§ Directions
Take the line containing "Food was very" and all lines after it, through the end of the material, and repeat them exactly, pictures left out.

§ Collected data
..........

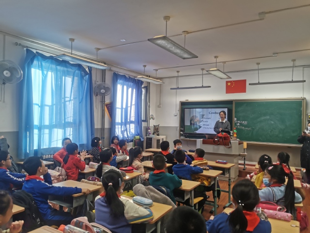 “妙‘语’中国——互动性、项目制公益英语课堂教学”是由外国语学院发起的一项以“双减”为背景、支持课后服务落地的语言类公益项目。服务团队每周前往合作中小学开展一次趣味英语课程,用外语讲述的中国故事作为教材,通过讲述、互动和指导制作桌游、手工、微电影等丰富的形式,帮助中小学生在英语课堂上理解与传承中华文化,承担文化传播者的使命。
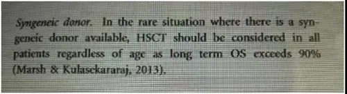 因此,最新英國血液標(biāo)準(zhǔn)委員會(huì)推薦,獲得性再生障礙性貧血患者只要有同基因供者,不論年齡均考慮同基因移植,因?yàn)殚L生存率超過90%。
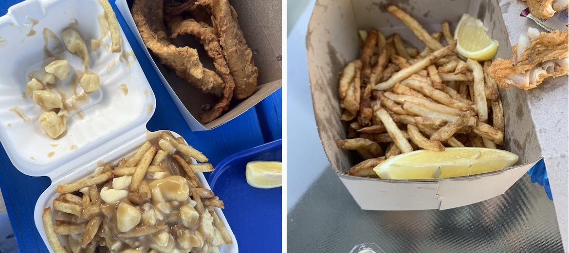 Food was very good we ordered a family poutine and 5 pieces of fish and 2 drinks fries were cut nicely not to thick and not to thin plenty of cheese curds and the fish was perfectly coated not to thick coat us $40 definitely going to be my new go to spot
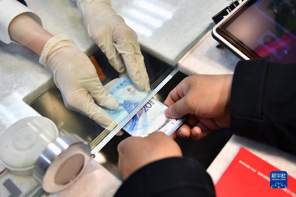 12月21日,市民在中国工商银行北京西客站支行兑换第24届冬季奥林匹克运动会纪念钞。

..........

§ Output for this task
 Food was very good we ordered a family poutine and 5 pieces of fish and 2 drinks fries were cut nicely not to thick and not to thin plenty of cheese curds and the fish was perfectly coated not to thick coat us $40 definitely going to be my new go to spot
 12月21日,市民在中国工商银行北京西客站支行兑换第24届冬季奥林匹克运动会纪念钞。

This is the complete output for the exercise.